И ещё, и ещё — переводы...
Мой Галактион. Мой. Только мой.
Мой — и ничей другой.
Вспомнил сейчас эти стихи — а с ними и многое вспомнилось.
Как ни грустно говорить о таком, но переводы эти так и не были изданы полностью.
Кое-что — из Галактиона — публиковали в восьмидесятых. Но большинство этих текстов так и осталось в рукописи.
Господи, да разве только с ними подобная история! Вон их сколько у меня, неизданных вещей, — и стихов, и переводов, и прозы, — девать некуда. И ведь сильные вещи. А порой — небывалые, по новизне своей, по структуре, по строю. Так и лежат у меня они. И не только годами — десятилетиями. Некоторые — по тридцать и более лет, написанные когда-то, порою — давным-давно, так и лежат. Кто их издаст? После смерти моей, что ли, всё издадут? Как бы не так! В нашей-то стране?

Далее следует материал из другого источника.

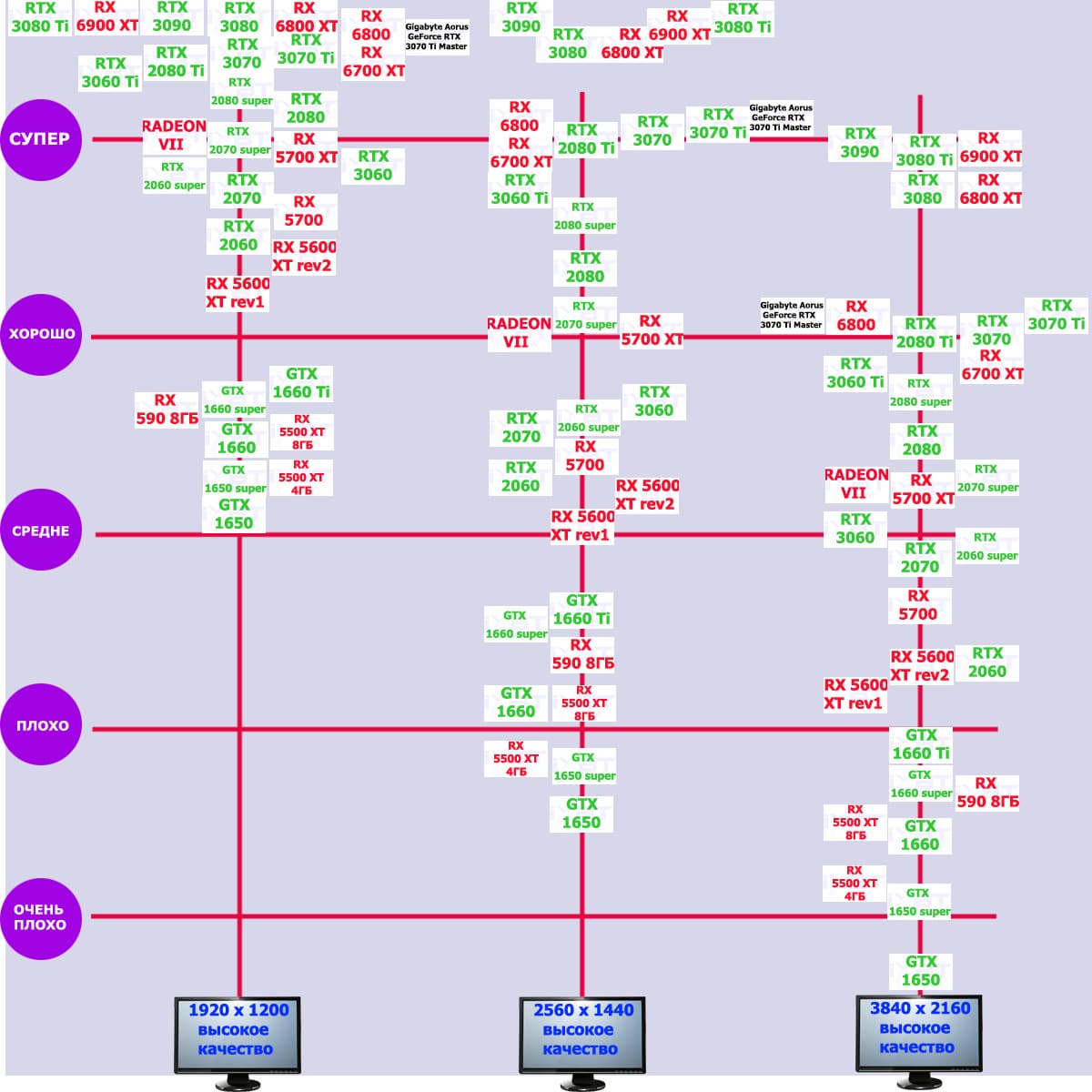 В начале всех обзоров серийных видеокарт мы обновляем свои знания о производительности семейства, к которому относится ускоритель, и его соперников. Все это нами субъективно оценивается по шкале из пяти градаций.

Вон и Шатров, и Губанов — давно уже умерли. А наследие их — уникальное — для России, прежде всего, — так и не издано толком.
Слава Богу, думаю я порой, что у меня хоть вышли в девяностых большие книги стихов. Хотя бы что-то из написанного — изданное, пусть и с чудовищным запозданием, пусть и малыми тиражами, да всё же увидел — при жизни.
При творящемся вокруг безобразии — увижу ли я ещё когда-нибудь свои прочие книги стихов и прозы — изданными — в своём драгоценном отечестве?
Где же вы, издатели? Слышите ли меня?
Добрый, искренний, обязательный, твёрдый, правильный человек! Тоже — труженик. Тоже — воин. И — целитель. И — вдохновенный, окрылённый, в сиянье речи, житель горной, волшебной страны. Ах, Георгий! Сколько уж лет мы с тобой, мой друг, не видались! И столетье — вот-вот уйдёт. Ну а дружба? Она — осталась. Вот, листаю бумаги старые. Перечитываю твои, меж всегдашних трудов написанные, голос твой для меня сохранившие, убедительные послания. Ты — в Тбилиси. Я — в Коктебеле; иногда, зимою, — в Москве. Между нами — сплошные границы. Разобщение. Разъединение. Только я их — не ощущаю. Для меня — вcё едино по-прежнему. Все мы — вместе. Все — заодно. И поэзия — что ей таможни, бестолковые рубежи, и разруха, и бред, и смута! — вот они, здесь, повсюду с нами, наше пламя и наше знамя, — и попробуй-ка удержи силой где-нибудь в отдаленье — птицей вырвется, просветленье принесёт она всем — и вот мир воспрянет: она — живёт! Живы с нею и мы, пойми, оставаясь меж бед людьми...
Конечно, не больно-то практичными, в смысле пристройства переводов в печать, были тогда все мы — и я, и семья Мосешвили, и отец с сыном Нанейшвили.
Георгий и его отец самоотверженно пытались помочь мне с публикациями в Тбилиси. Ведь я переводил — их Галактиона, и не только его, но и других грузинских поэтов.
Но переводами с грузинского в те годы кормилась определённая группа людей, и проникнуть в их ряды было сложновато.
Со временем некоторые частицы моих галактионовских переводов были всё-таки напечатаны, остальное же — большая и наиважнейшая часть их — так и осталась неизданной.
Но меня самого — прежде всего — радовало, что грузинским друзьям близки и дороги мои переводы их национального гения, что вдова Галактиона, Нина, — в восторге от них.
Этого уже было для меня достаточно.
Значит, работал не зря.
Значит, воспроизведённый по-русски Галактион — живёт.
Это и подтвердилось в дальнейшем.
В восемьдесят третьем, в Сухуми, где я жил с семьёй летом и переводил абхазского поэта Мушни Микая, мне пришлось вплотную столкнуться с проявлениями неистовой и не стареющей любви местных жителей к Галактиону.
Едва услышав, что я переводил “их Галактиона”, они тут же тащили меня к себе, просили читать переводы, восторгались — и начиналось неминуемое застолье, с чтением стихов, с тостами, с песнями и всем прочим, чем знаменито это традиционное грузинское времяпровождение.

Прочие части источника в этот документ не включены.